Not always, it depends on what temperature you are looking at. M1 0w-40 is heavier than any GF-5 5w-30 at all temperatures much above where the W-rating is tested, at temperature at which very few people here will be starting their vehicle.


I assume it depends on the oil family or a specific temperature or maybe x40 vs. x30 or the base oil can play a role ... Maybe it can't be generalized to include all oils and all "cold" temperatures ... however i recently compared the viscosity of several xW30 (x=0,5,10) in the same oil family and near freezing and the 10W's had higher viscosity that the 5W's and the 5W's had higher viscosity than the 0W's.
 
Originally Posted by OilUzer
Originally Posted by OVERKILL
Originally Posted by OilUzer
Originally Posted by PimTac
So a 5w is thicker than a 0w? I'm having difficulty grasping this.

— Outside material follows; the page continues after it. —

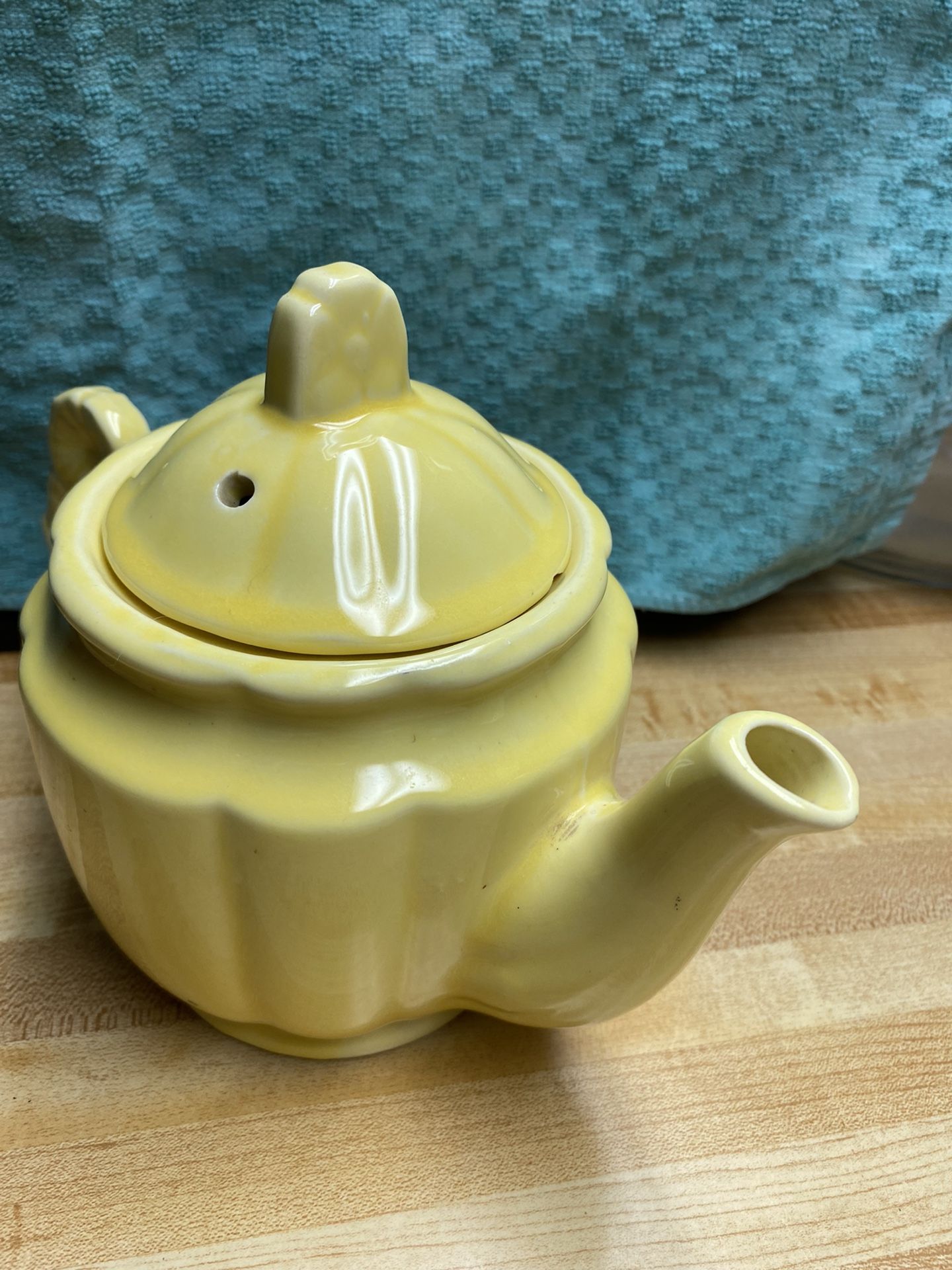 Beautiful Yellow Tea Pot with Lid has a flower on handle.

5W will have higher viscosity (cSt) relative to a 0W at cold(er) temperatures ... Since we are talking about cold start/operation and before the oil has reached nominal operating temperatures.


Not always, it depends on what temperature you are looking at. M1 0w-40 is heavier than any GF-5 5w-30 at all temperatures much above where the W-rating is tested, at temperature at which very few people here will be starting their vehicle.


I assume it depends on the oil family or a specific temperature or maybe x40 vs. x30 or the base oil can play a role ... Maybe it can't be generalized to include all oils and all "cold" temperatures ... however i recently compared the viscosity of several xW30 (x=0,5,10) in the same oil family and near freezing and the 10W's had higher viscosity that the 5W's and the 5W's had higher viscosity than the 0W's.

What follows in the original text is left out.